The dynamic memory allocation business is no picnic, either. I won't argue that garbage collection is significantly less efficient than manual malloc/free calls, because I'm not so sure about it. What I will argue is that a good Lisp program will use much more dynamic allocation and indirection levels than a good C program (again, I ignore the case of emulating C in Lisp, or Lisp in C, because I think it's a waste of time anyway). And if you want to make your objects flat, I think you need a static type system, so you won't be much higher-level than Java in terms of dynamic flexibility. And levels of indirection are extremely costly because every data-dependent memory access is awfully likely to introduce pipeline stalls.

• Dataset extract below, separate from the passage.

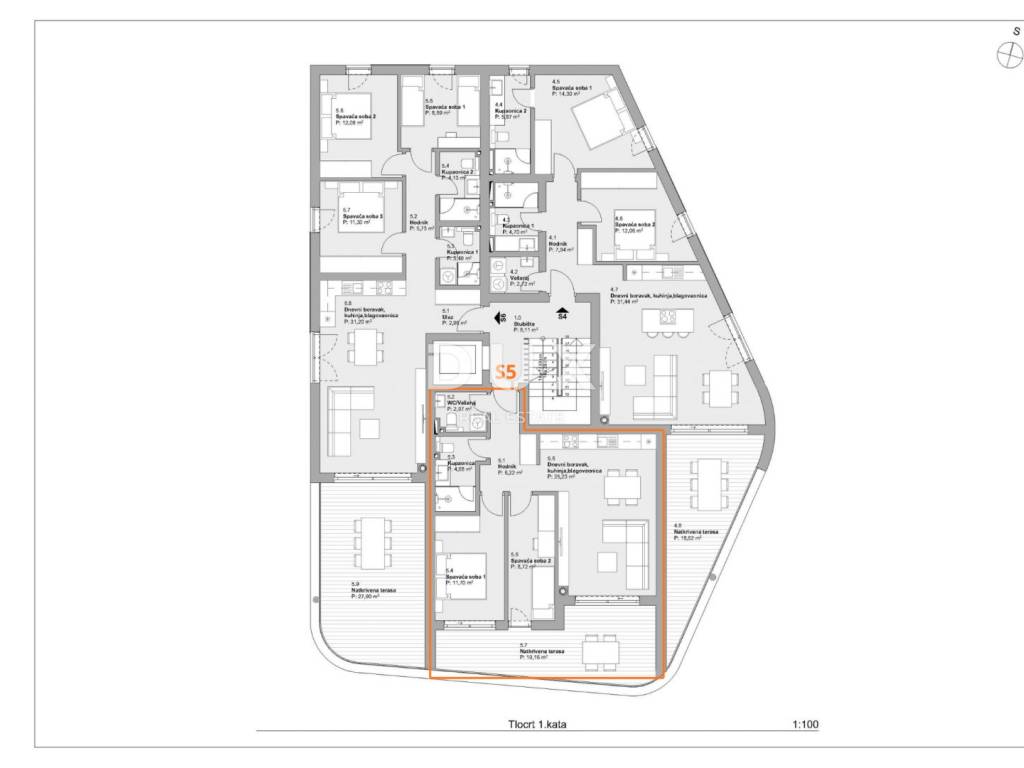 Apartment S5 is for sale on the first floor of a new building with a total of 9 residential units. The building has an elevator and from the first and second floor there is a beautiful view of the sea.

Pure functional languages with static typing have their own problem – they lack side effects and make lots of copies at the interface level; eliminating those copies is left as an exercise to the compiler writer. I've never worked through a significant array of such exercises, so I won't argue about the problems of that. I'll just mention that static typing (irregardless of the type inference technique) characterizes lower-level languages, because now I have to think about types, just the way imperative programming is lower-level than functional programming, because now I have to think about the order of side effects. You can tell me that I don't know what "high-level" means; I won't care.

Now, the von Neumann machine business. Do you realize the extent to which memory arrays are optimized and standardized today? It's nowhere near what happens with CPUs. There are lots of CPU families running lots of different instruction sets. All memories just load and store. Both static RAM (the expensive and fast kind) and dynamic RAM (the cheap and slower kind) are optimized to death, from raw performance to factory testing needed to detect manufacturing defects. You don't think about memories when you design hardware, just the way you don't think about the kind of floating point you want to use in your numeric app – you go for IEEE because so much intellectual effort was invested in it on all levels to make it work well.

But let's go with the New Age flow of "von Neumann machine is a relic from the fifties". What kinds of other architectures are there, and how do you program them, may I ask? "C is for von Neumann machines". Well, so is Java and so is Lisp; all have contiguous arrays. Linked lists and dictionaries aren't designed for any other kind of machine, either; in fact lots of standard big O complexity analysis assumes a von Neumann machine – O(1) random access.

And suppose you're willing to drop standard memories and standard programming languages and standard complexity analysis. I don't think you're a crackpot, I really don't; I think you're bluffing, most probably, but you could be a brilliant and creative individual. I sincerely don't think that anything practiced by millions can automatically be considered "true" or "right"; I was born in the Soviet Union, so I know all about it. Anyway, I want to hear your ideas. I have images. I must process those images and find stuff in them. I need to write a program and control its behavior. You know, the usual edit-run-debug-swear cycle. What model do you propose to use? Don't just say "neural nets". Let's hear some details about hardware architecture.

I really want to know. I assume that an opinion held by quite some celebrities is shared by lots and lots of people out there. Many of you are competent programmers, some stronger than myself. Tell me why I'm wrong. I'll send you a sample chip. I'll publicly admit I was a smug misinformed dumbass. Whatever you like. I want to close this part of "efficient/high-level isn't a trade-off" nonsense, so that I can go back to my scheduled ranting about the other part. You know, when I poke fun at C++ programmers who think STL is "high-level" (ha!). But until this "Lisp is efficient" (ha!) issue lingers, I just can't go on ranting with clear conscience. Unbalanced ranting is evil, don't you think?